COUNSEL FOR NAMER: Well, our interpretation, or our search, it is a contract or commitment was, in fact, granted and offered at the meetings between the parties.
THE COURT: I know that you interpreted it that way, but I reached a contrary conclusion as a matter of law.
COUNSEL FOR NAMER: Well, I think the documents which have been provided and attached make it clear that there was a commitment granted and had been issued.
THE COURT: Well, there may have been, but it was a secret, and at that time, there was no way for those people to know that.

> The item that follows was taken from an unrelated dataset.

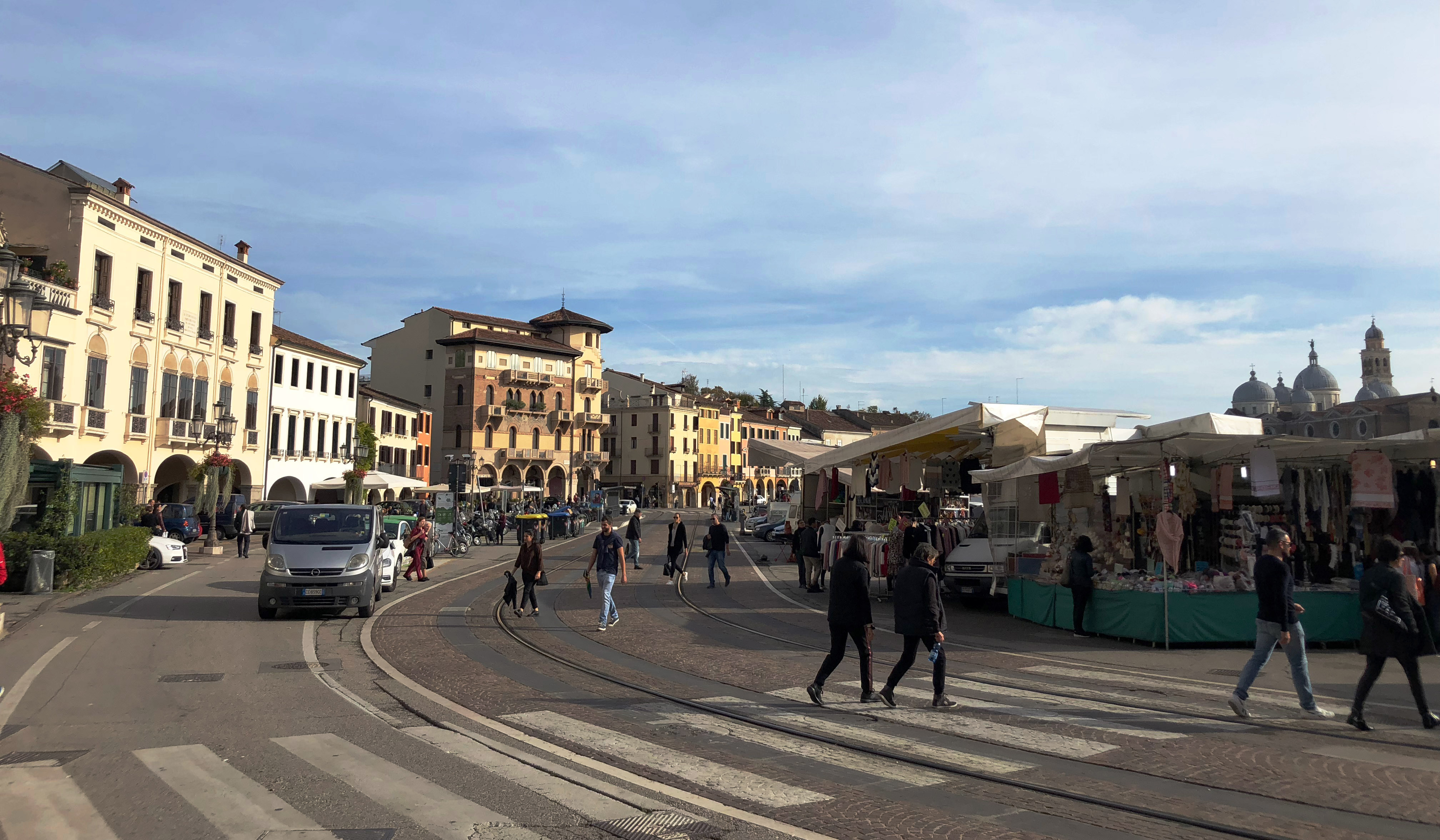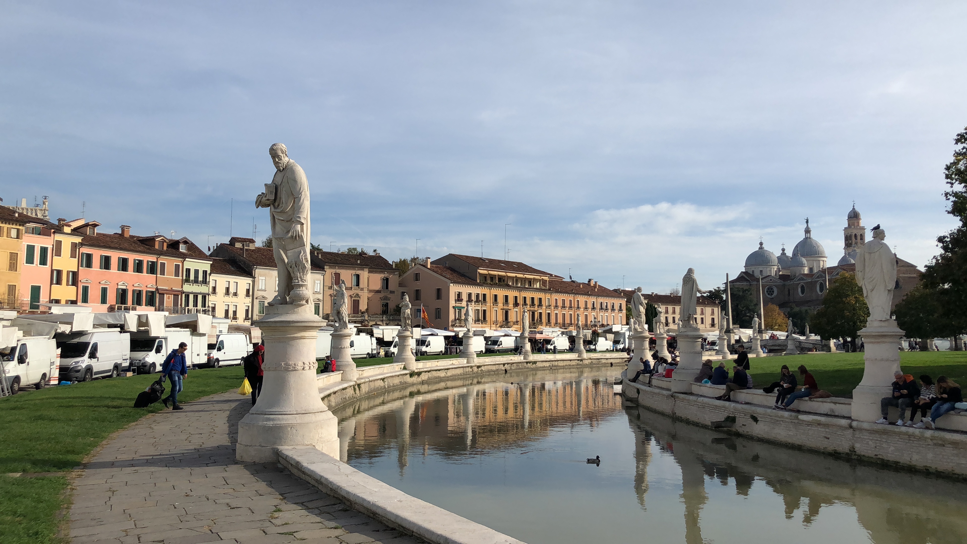 Prato della Valle è la piazza più particolare che abbia mai visto. Decine di statue si ergono lungo i bordi dell’anello ovale, il canale divide l’asfalto da un manto erboso. E’ una tra le piazze più grandi d’Europa e senza la confusione del mercato, offre un rifugio stranamente silenzioso e rilassante.

, Nowhere in the record is it indicated on what date the first check, the one for $25,000, was negotiated, a fact we do not understand since the check should have been clearly stamped with the date of acceptance.
. See note 5 supra.
. He who causes another person to do an unlawful act, or assists or encourages in the commission of it, is answerable, in solido, with that person, for the damage caused by such act.